Problem statement:
Your task is to retype, word for word, the lines from the start of the data through the line holding "5. Что такое". Do not include the pictures.

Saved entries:

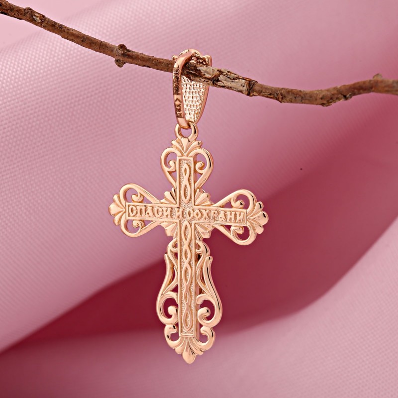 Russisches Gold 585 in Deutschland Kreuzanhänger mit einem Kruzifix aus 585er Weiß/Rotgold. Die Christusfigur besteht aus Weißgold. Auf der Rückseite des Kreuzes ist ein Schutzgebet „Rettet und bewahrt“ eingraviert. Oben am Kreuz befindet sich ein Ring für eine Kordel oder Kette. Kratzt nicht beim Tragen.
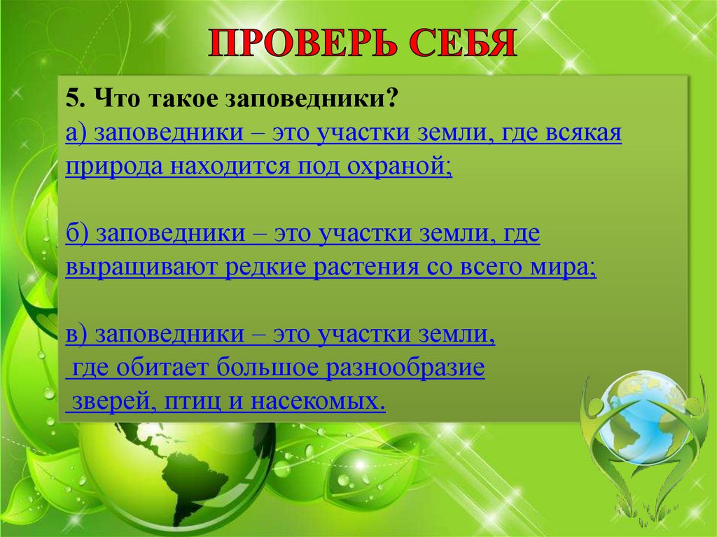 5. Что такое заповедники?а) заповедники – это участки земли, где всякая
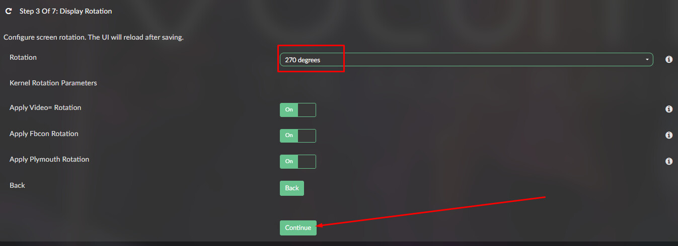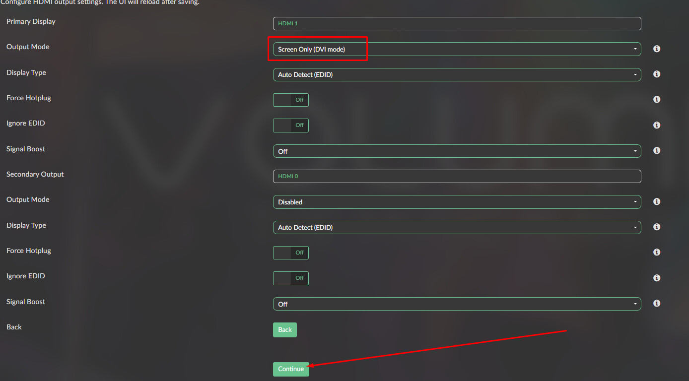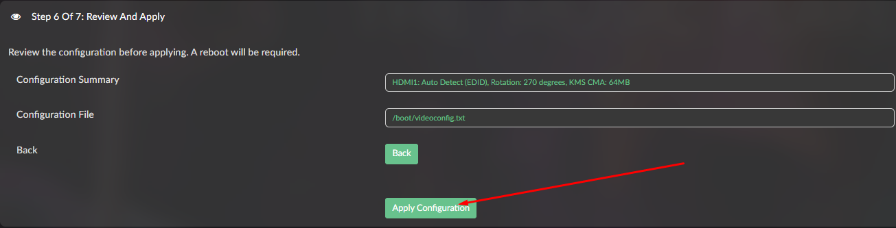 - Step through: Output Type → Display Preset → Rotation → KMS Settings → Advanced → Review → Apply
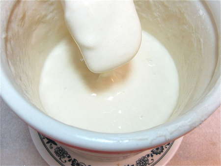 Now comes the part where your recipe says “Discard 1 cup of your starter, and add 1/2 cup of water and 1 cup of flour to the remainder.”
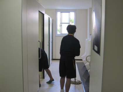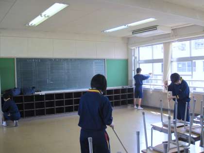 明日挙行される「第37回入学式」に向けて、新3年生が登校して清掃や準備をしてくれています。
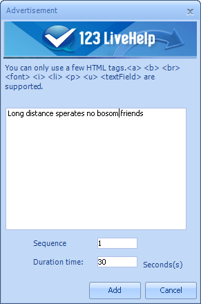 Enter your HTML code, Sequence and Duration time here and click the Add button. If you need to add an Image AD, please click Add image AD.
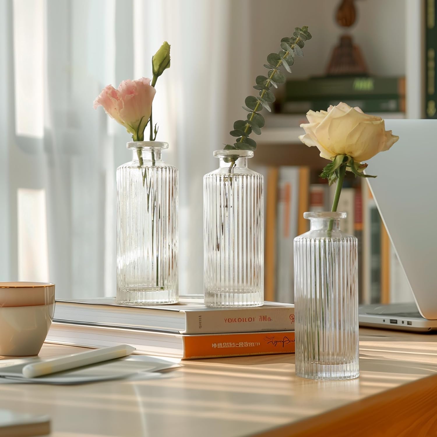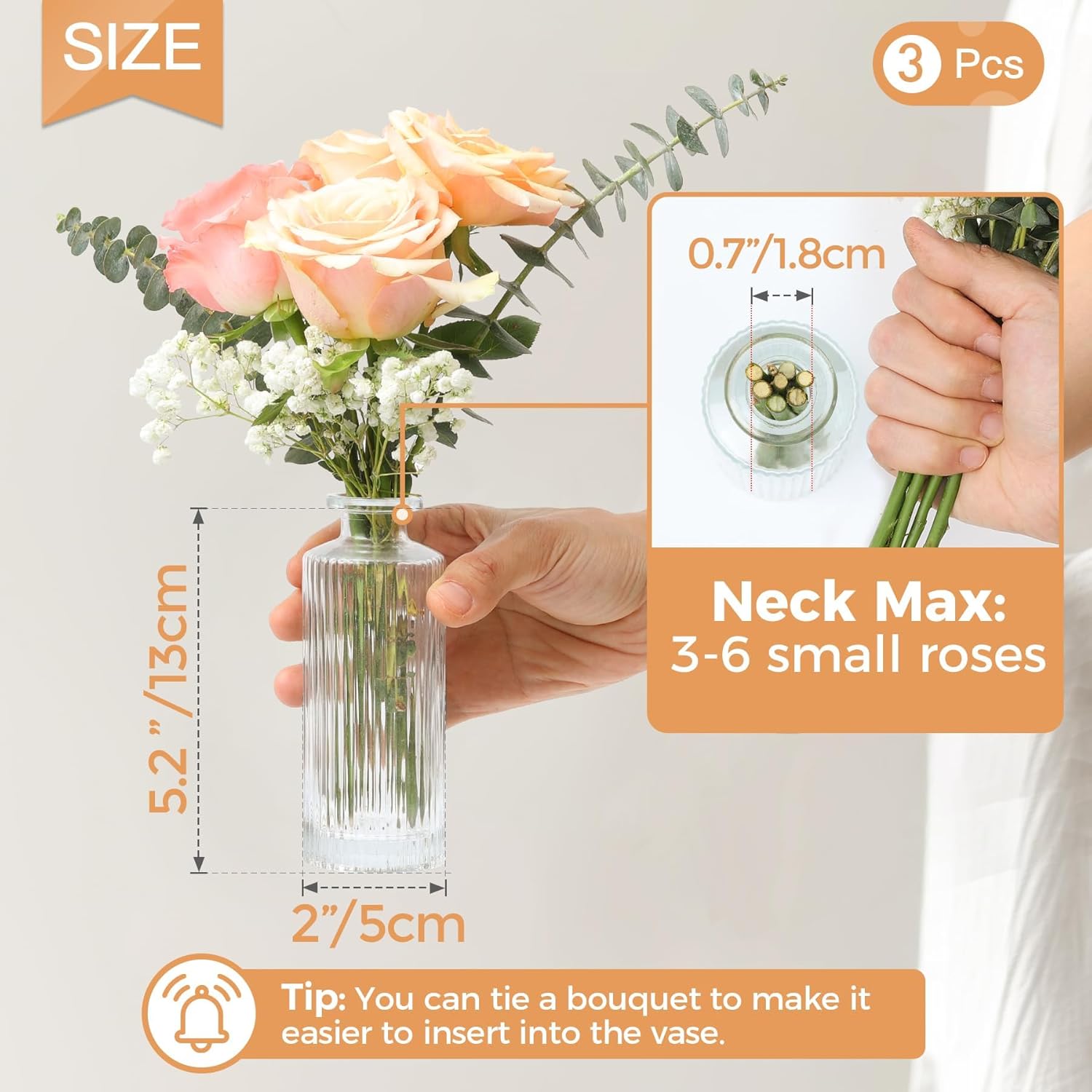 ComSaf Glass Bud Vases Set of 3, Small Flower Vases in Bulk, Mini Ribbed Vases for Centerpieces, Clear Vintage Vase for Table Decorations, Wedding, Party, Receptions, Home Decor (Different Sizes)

Expected answer:
 Russisches Gold 585 in Deutschland Kreuzanhänger mit einem Kruzifix aus 585er Weiß/Rotgold. Die Christusfigur besteht aus Weißgold. Auf der Rückseite des Kreuzes ist ein Schutzgebet „Rettet und bewahrt“ eingraviert. Oben am Kreuz befindet sich ein Ring für eine Kordel oder Kette. Kratzt nicht beim Tragen.
 5. Что такое заповедники?а) заповедники – это участки земли, где всякая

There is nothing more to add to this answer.